ELSE statement has sense in the case, that you need to do other action
(for example EXEC) in the case that the service is up again, like:
# if failed port 22 proto ssh with timeout 15 seconds
# then restart
# else exec "/bin/sms_send 'ssh is up again'"
1.) New structures:
-------------------
Structures provide common objects for all services and service tests.
EventAction_T object replaces recurrent Command_T, event_handled,
event_flag, etc. It contains actions specification (including optional
Command_T for execution) for sevice and test "up" and "down" state.
Events affects either primary monitored service object or particular
tests - it depends on the event type. For example NONEXIST means that
the service (for example process) does not exist at all, so global
s->action is taken. On the other side CONNECTION event allows to do test
specific s->portlist->action for given test instance (each connection
test has its own action). EventList is global.

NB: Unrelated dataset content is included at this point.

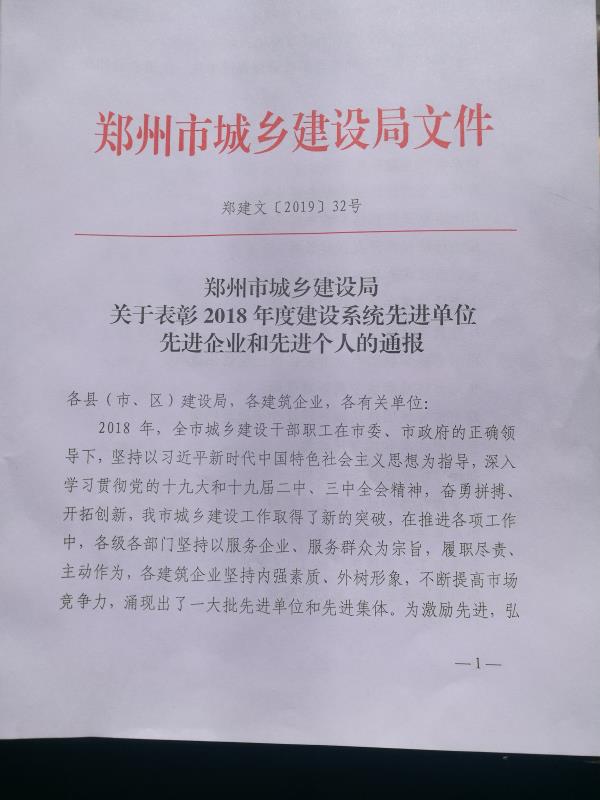 一、2018年度鄭州市建筑業(yè)管理先進(jìn)單位、先進(jìn)企業(yè)和先進(jìn)個人
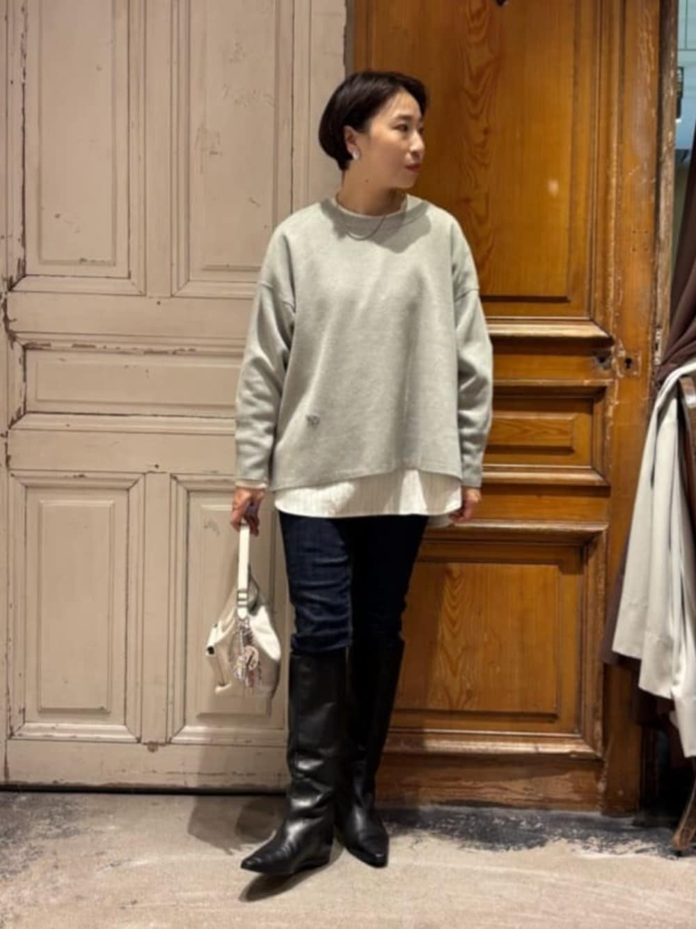 【トップス】 ビアズリー で人気のサイドジップシリーズに、 ニット素材が登場✨ スウェットタイプとは違って、 ニット素材なのでボリュームが出ないため、 すっきり、着痩せてみえて嬉しかった😊 スウェットとかトレーナーってボリュームが出やすいので、ボトムにワイドパンツを合わせると、大きく見えがちですが、 これなら丈感も長すぎないので、スカートと合わせてもバランスがとりやすかった印象。 伸縮性のある素材なので、着心地も良かったですよ! 首まわりもコンパクトなので、インナー見えちゃう問題も心配なしです。 そのままでも、大人可愛いニットですが、 ストライプシャツを重ね着しました。 カジュアルな中にも、 大人キレイめなコーデに仕上げました。

/** Defines an event action object */
typedef struct myaction {
int action; /**< Action to be
done */
Command_T exec; /**< Optional command to be
executed */
} *Action_T;
/** Defines event's up and down actions */
typedef struct myeventaction {
Action_T down; /**< Action in the case of
failure up */
Action_T up; /**< Action in the case of
failure up */
} *EventAction_T;
/** Defines an event */
typedef struct myevent {
int id; /**< The event
identification */
short state; /**< TRUE for failed, FALSE for passed event
state */
unsigned long counter; /**< Event occurence
counter */
EventAction_T action; /**< Description of the event
action */
char *message; /**< Optional message describing the
event */
} *Event_T;
/** Defines a pending events list */
typedef struct myeventlist {
Event_T entry; /**< Pending events list
object */
/** For internal use */
Event_T next; /**< next event in
chain */
} *EventList_T;
...
/** Defines gid object */
typedef struct mygid {
gid_t gid; /**<
Owner's gid */
int has_error; /**< TRUE if the service has a GID
error */
EventAction_T action; /**< Description of the action upon event
occurence */
} *Gid_T;
...
/** Defines service data */
typedef struct myservice {
...
EventAction_T action; /**< Description of the action upon event
occurence */
...
EventList_T eventspending; /**< Pending events
list */
...
} *Service_T;
2.) Event posting interface
---------------------------
prototype:
/**
* Post a new Event
* @param service The Service the event belongs to
* @param id The event identification
* @param state TRUE for failed, FALSE for passed event state
* @param action Description of the event action
* @param s Optional message describing the event
*/
void Event_post(Service_T service, long id, short state, EventAction_T
action, char *s, ...);
Example usage:
static int check_directory(Service_T s) {
struct stat stat_buf;
char report[STRLEN]= {0};
if(stat(s->path, &stat_buf) != 0) {
Event_post(s, EVENT_NONEXIST, TRUE, s->action, "Event: directory
'%s' doesn't exist", s->name);
return FALSE;
} else {
Event_post(s, EVENT_NONEXIST, FALSE, s->action, "Event: directory
'%s' exist", s->name);
}
if(!S_ISDIR(stat_buf.st_mode)) {
Event_post(s, EVENT_INVALID, TRUE, s->action, "Event: '%s' is not
directory", s->name);
return FALSE;
} else {
Event_post(s, EVENT_INVALID, FALSE, s->action, "Event: '%s' is not
directory", s->name);
}
if(check_perm(s, stat_buf.st_mode, report)) {
Event_post(s, EVENT_PERMISSION, TRUE, s->perm->action, report);
} else {
Event_post(s, EVENT_PERMISSION, FALSE, s->perm->action, "Event:
'%s' permission passed", s->name);
}
...
3.) New events:
-----------
NONEXISTENT ... for critical service failure which causes restart by
default: process not running/file doesn't exist/etc..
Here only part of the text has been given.